Copyright (c) Microsoft Corporation. All rights reserved.

Licensed under the MIT License.

# Forecasting Pipeline - Automated ML

---

![Impressions](https://PixelServer20190423114238.azurewebsites.net/api/impressions/MachineLearningNotebooks/how-to-use-azureml/automated-machine-learning/manymodels/03_Forecasting/03_Forecasting_Pipeline.png)

In this notebook we create a pipeline for doing batch forecasting of 11,973 AutoML models. The training and scoring of these models was completed in the Training notebook in this repository. We will set up the Pipeline for forecasting given the desired forecasting horizon. We utitlize the AutoMLPipelineBuilder to parallelize the process. For more information about the Data and Models refer to the Data Preparation and Training Notebooks. 

The pipeline set up is similar to the Training Pipeline in this repository.

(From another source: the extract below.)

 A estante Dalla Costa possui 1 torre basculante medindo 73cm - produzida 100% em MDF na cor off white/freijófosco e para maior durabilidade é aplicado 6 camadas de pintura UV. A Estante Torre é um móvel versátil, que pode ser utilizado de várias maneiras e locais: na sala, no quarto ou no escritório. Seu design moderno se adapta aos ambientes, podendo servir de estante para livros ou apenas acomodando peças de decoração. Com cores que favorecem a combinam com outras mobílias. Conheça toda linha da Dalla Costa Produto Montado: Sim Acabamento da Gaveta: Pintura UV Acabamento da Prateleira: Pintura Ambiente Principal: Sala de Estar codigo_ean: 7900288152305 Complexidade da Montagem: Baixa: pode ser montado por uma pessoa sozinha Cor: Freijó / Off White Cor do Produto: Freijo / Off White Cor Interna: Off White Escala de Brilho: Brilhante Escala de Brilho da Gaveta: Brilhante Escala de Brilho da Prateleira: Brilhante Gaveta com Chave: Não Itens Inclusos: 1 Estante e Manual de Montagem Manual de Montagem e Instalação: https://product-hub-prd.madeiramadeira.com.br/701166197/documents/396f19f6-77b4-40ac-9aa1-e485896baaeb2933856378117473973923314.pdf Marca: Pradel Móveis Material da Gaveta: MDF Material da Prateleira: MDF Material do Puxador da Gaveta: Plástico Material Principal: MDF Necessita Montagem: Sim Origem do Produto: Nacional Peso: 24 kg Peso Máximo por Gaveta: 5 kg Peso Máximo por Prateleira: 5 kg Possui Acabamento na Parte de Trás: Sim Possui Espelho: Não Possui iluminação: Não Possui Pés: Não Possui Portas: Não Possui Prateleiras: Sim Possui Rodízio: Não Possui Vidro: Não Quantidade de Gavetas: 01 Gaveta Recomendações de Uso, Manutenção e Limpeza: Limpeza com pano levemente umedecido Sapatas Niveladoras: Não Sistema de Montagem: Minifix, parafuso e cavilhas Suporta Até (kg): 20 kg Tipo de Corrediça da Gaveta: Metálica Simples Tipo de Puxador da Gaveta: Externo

For more details on the steps and functions refer to the Training folder. 

### Prerequisites 
At this point, you should have already:

1. Created your AML Workspace using the [00_Setup_AML_Workspace notebook](../../00_Setup_AML_Workspace.ipynb)
2. Run [01_Data_Preparation.ipynb](../../01_Data_Preparation.ipynb) to create the dataset
3. Run [02_AutoML_Training_Pipeline.ipynb](../02_AutoML_Training_Pipeline/02_AutoML_Training_Pipeline.ipynb) to train the models

Install the azureml.contrib.automl.pipeline.steps package

In [None]:
# !pip install azureml-contrib-automl-pipeline-steps

## 1.0 Call the Workspace, Datastore, and Compute

As we did in the Training Pipeline notebook, we need to call the Workspace. We also want to create variables for the datastore and compute cluster. 

### Connect to the workspace


In [1]:
import azureml.core
from azureml.core import Workspace, Datastore
import pandas as pd

# set up workspace
ws= Workspace.from_config(path = '../../config.json') 

# Take a look at Workspace
ws.get_details()

# set up datastores
dstore = ws.get_default_datastore()

output = {}
output['SDK version'] = azureml.core.VERSION
output['Subscription ID'] = ws.subscription_id
output['Workspace'] = ws.name
output['Resource Group'] = ws.resource_group
output['Location'] = ws.location
output['Default datastore name'] = dstore.name
pd.set_option('display.max_colwidth', -1)
outputDf = pd.DataFrame(data = output, index = [''])
outputDf.T

  pd.set_option('display.max_colwidth', -1)


Unnamed: 0,Unnamed: 1
SDK version,1.51.0
Subscription ID,0c19fc19-85fd-4aa4-b133-61dd20fa93df
Workspace,auotml-example-workspace
Resource Group,edwin.spartan117-rg
Location,southeastasia
Default datastore name,workspaceblobstore


### Attach existing compute resource


In [2]:
from azureml.core.compute import AmlCompute, ComputeTarget

# Choose a name for your cluster.
amlcompute_cluster_name = "automl-cluster"

found = False
# Check if this compute target already exists in the workspace.
cts = ws.compute_targets
if amlcompute_cluster_name in cts and cts[amlcompute_cluster_name].type == 'AmlCompute':
    found = True
    print('Found existing compute target.')
    compute = cts[amlcompute_cluster_name]
    
if not found:
    print('Creating a new compute target...')
    provisioning_config = AmlCompute.provisioning_configuration(vm_size='STANDARD_D16S_V3',
                                                           min_nodes=2,
                                                           max_nodes=20)
    # Create the cluster.
    compute = ComputeTarget.create(ws, amlcompute_cluster_name, provisioning_config)
    
print('Checking cluster status...')
# Can poll for a minimum number of nodes and for a specific timeout.
# If no min_node_count is provided, it will use the scale settings for the cluster.
compute.wait_for_completion(show_output = True, min_node_count = None, timeout_in_minutes = 20)
    
# For a more detailed view of current AmlCompute status, use get_status().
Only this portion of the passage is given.